Task item: Could you restate word for word the lines running from the one with "生为变种人,在地狱边境长大的" to the end of the data, both ends included, but without pictures?

[Stored dataset items]
****************************************
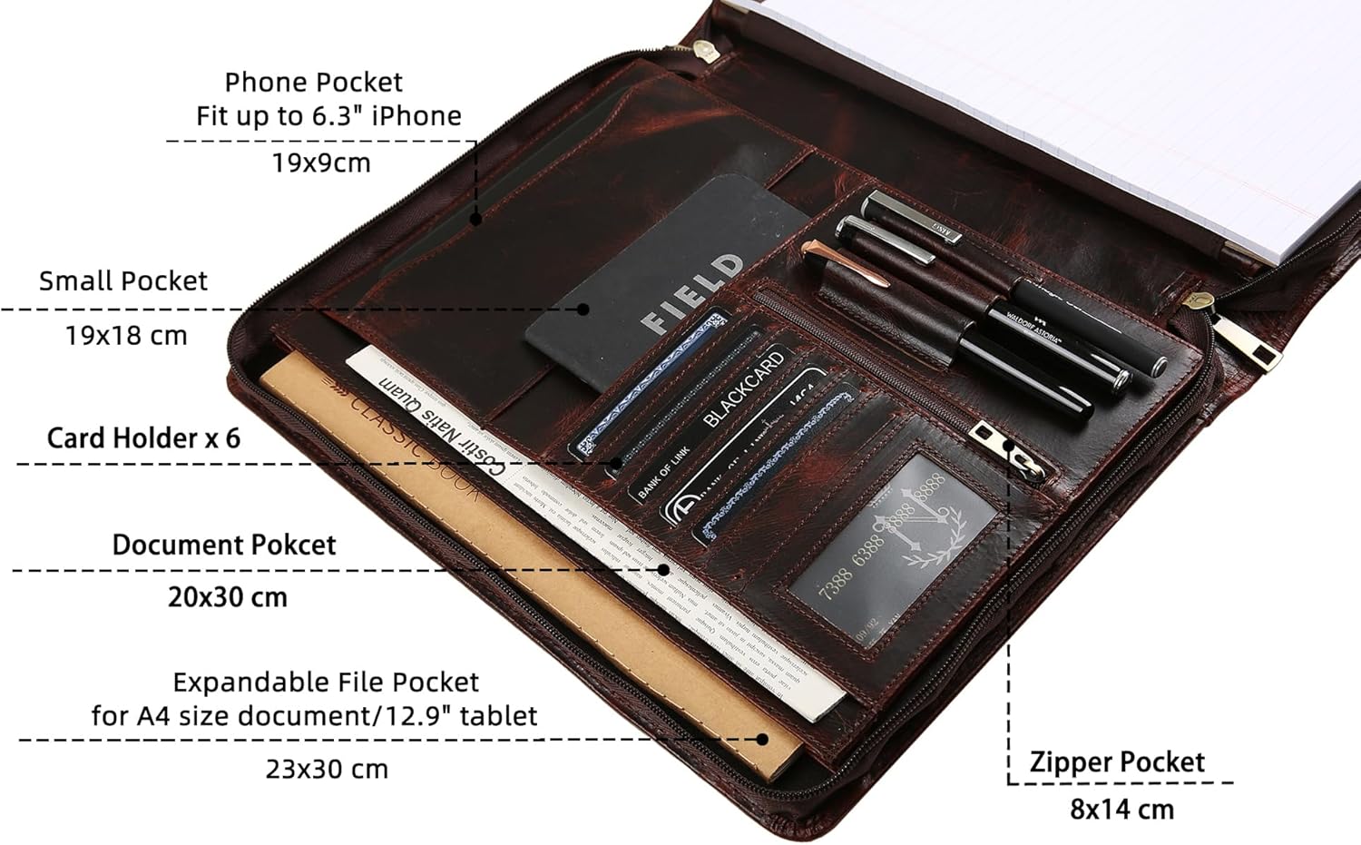 Personalized Leather Portfolio Organizer for IPad/Document, Business Padfolio with A4 Leather Notepad Holder, Custom Leather Compact Folder Conference Portfolio for Men and Women, Oil-Red Brown
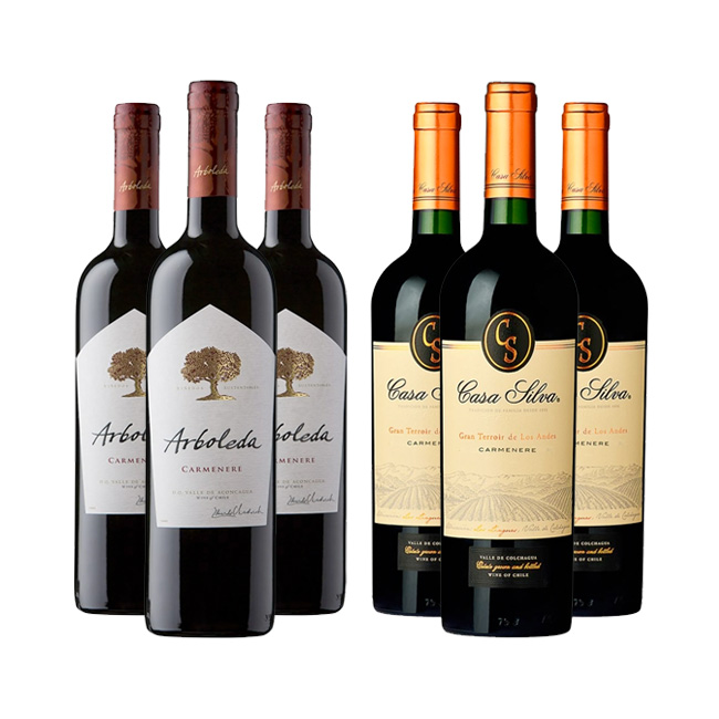 3 Arboleda Carmenere + 3 Casa Silva Gran Terroir Carmenere
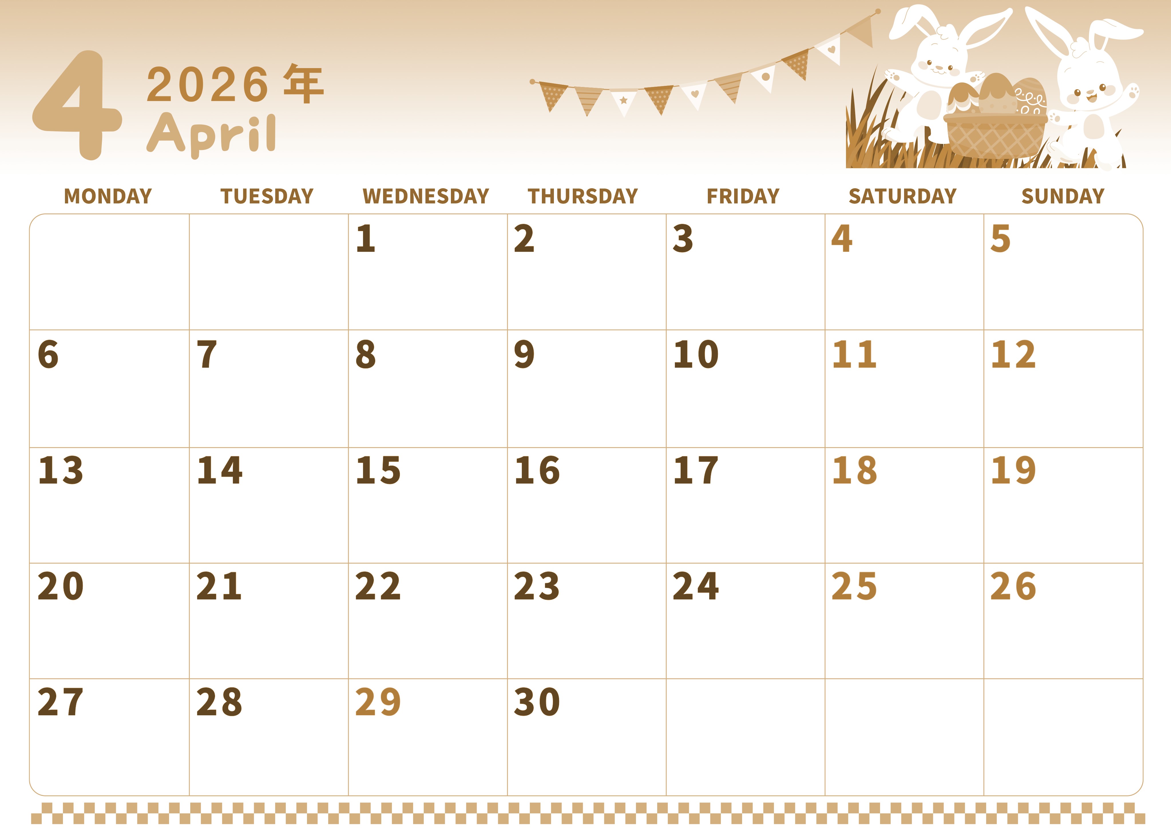 2026年4月横型レトロな月曜始まりの無料テンプレートセピア調カレンダーです。イースターをメインテーマにしたかわいいポップなセピア調カレンダーです。月曜始まりで手書きで予定を書き込みできるレイアウトとなっています。(2026-00570401)
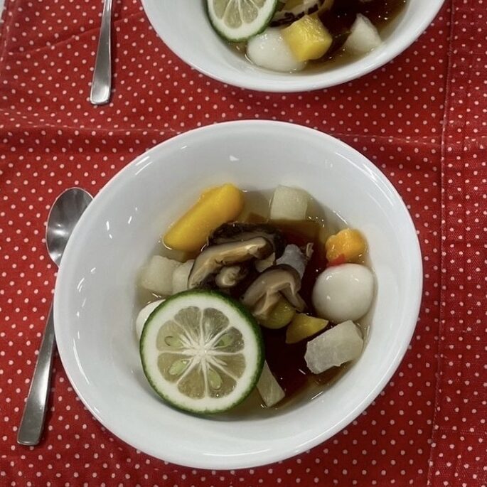 また、戻し汁を寒天にすることで、しいたけが苦手な人でも食べやすくなるよう工夫しました。
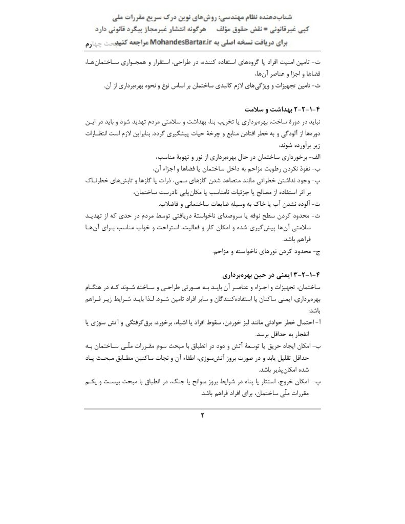 📌 بر اساس بند ۲-۲-۱-۴، حفظ بهداشت و سلامت مردم در تمام مراحل عمر ساختمان (ساخت، بهرهبرداری و تخریب) یک اصل غیرقابل چشمپوشی است. این موارد را شامل میشود:
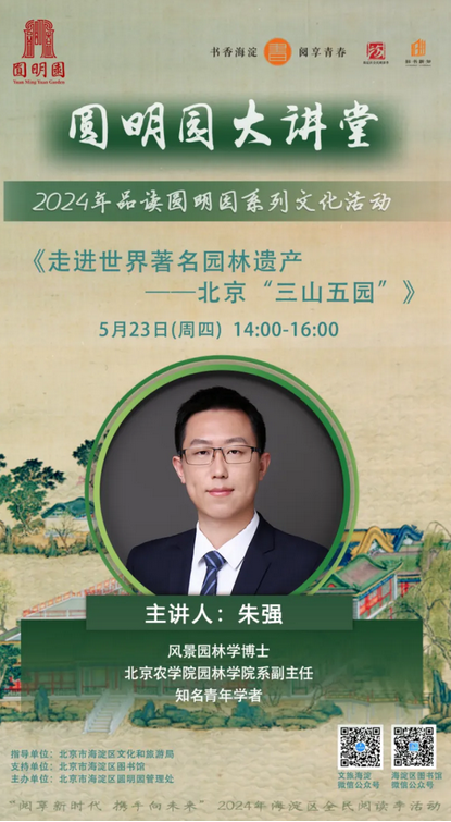 活動內容:位于北京海淀的“三山五園”是世界聞名的文化遺產,是令人嘆為觀止的園林藝術杰作。本期講座邀請北京農學院風景園林系副主任、知名青年學者朱強老師講解“三山五園”的歷史發展和藝術特點,闡述文化遺產保護的重要意義,激發聽眾對傳統文化的熱情與愛國情懷。
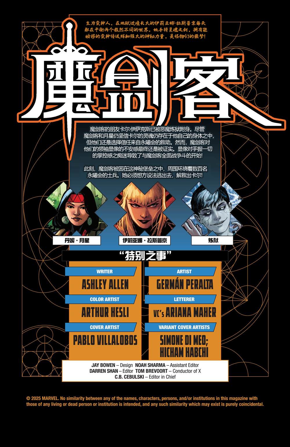 生为变种人,在地狱边境长大的伊莉亚娜·拉斯普京每天都在平衡两个截然不同的世界.她手持灵魂之剑,拥有能瞬移的变种人传送阵和强大的神秘力量,是怪物们的噩梦!曾经,克拉科亚岛屿国家是所有变种人的避风港,但如今它不复存在,变种人再次被迫流离失所,散布世界各地.而魔剑客和X战警正在奋力对抗这个不公的世界!
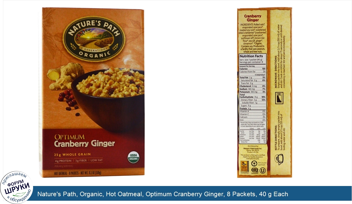 Друзья, если у вас есть отзыв/дополнение/комментарий/вопрос относительно Nature's Path, Organic, Hot Oatmeal, Optimum Cranberry Ginger, 8 Packets, 40 g Each - напишите его ответом в эту тему (это будет полезно всему сообществу в целом и вам в отдельности).
****************************************
Solution to this problem:
 生为变种人,在地狱边境长大的伊莉亚娜·拉斯普京每天都在平衡两个截然不同的世界.她手持灵魂之剑,拥有能瞬移的变种人传送阵和强大的神秘力量,是怪物们的噩梦!曾经,克拉科亚岛屿国家是所有变种人的避风港,但如今它不复存在,变种人再次被迫流离失所,散布世界各地.而魔剑客和X战警正在奋力对抗这个不公的世界!
 Друзья, если у вас есть отзыв/дополнение/комментарий/вопрос относительно Nature's Path, Organic, Hot Oatmeal, Optimum Cranberry Ginger, 8 Packets, 40 g Each - напишите его ответом в эту тему (это будет полезно всему сообществу в целом и вам в отдельности).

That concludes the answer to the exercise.